Task item:
Everything in the listing below from the line containing "A-Line Evening Dress" through the line containing "Long sleeves floral" must be repeated exactly; the remaining lines are not wanted.

Exercise input:
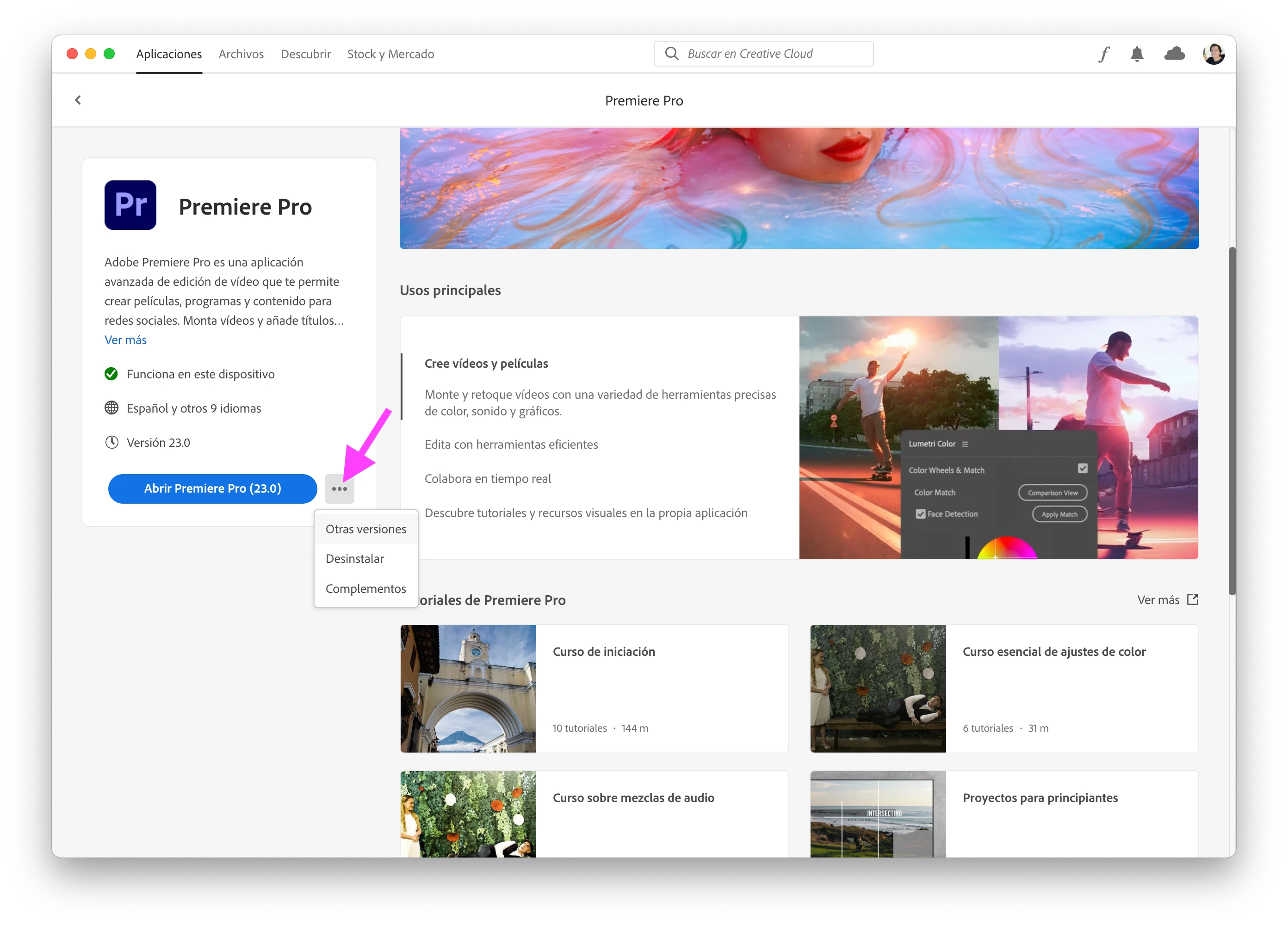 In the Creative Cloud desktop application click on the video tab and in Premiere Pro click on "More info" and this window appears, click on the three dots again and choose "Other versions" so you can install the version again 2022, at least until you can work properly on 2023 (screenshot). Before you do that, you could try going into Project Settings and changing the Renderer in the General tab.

--

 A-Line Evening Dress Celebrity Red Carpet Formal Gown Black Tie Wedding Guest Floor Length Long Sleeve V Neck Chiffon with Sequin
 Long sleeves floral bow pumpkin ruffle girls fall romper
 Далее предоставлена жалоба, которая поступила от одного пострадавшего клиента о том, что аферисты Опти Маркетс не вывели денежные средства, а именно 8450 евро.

Solved exercise:
 A-Line Evening Dress Celebrity Red Carpet Formal Gown Black Tie Wedding Guest Floor Length Long Sleeve V Neck Chiffon with Sequin
 Long sleeves floral bow pumpkin ruffle girls fall romper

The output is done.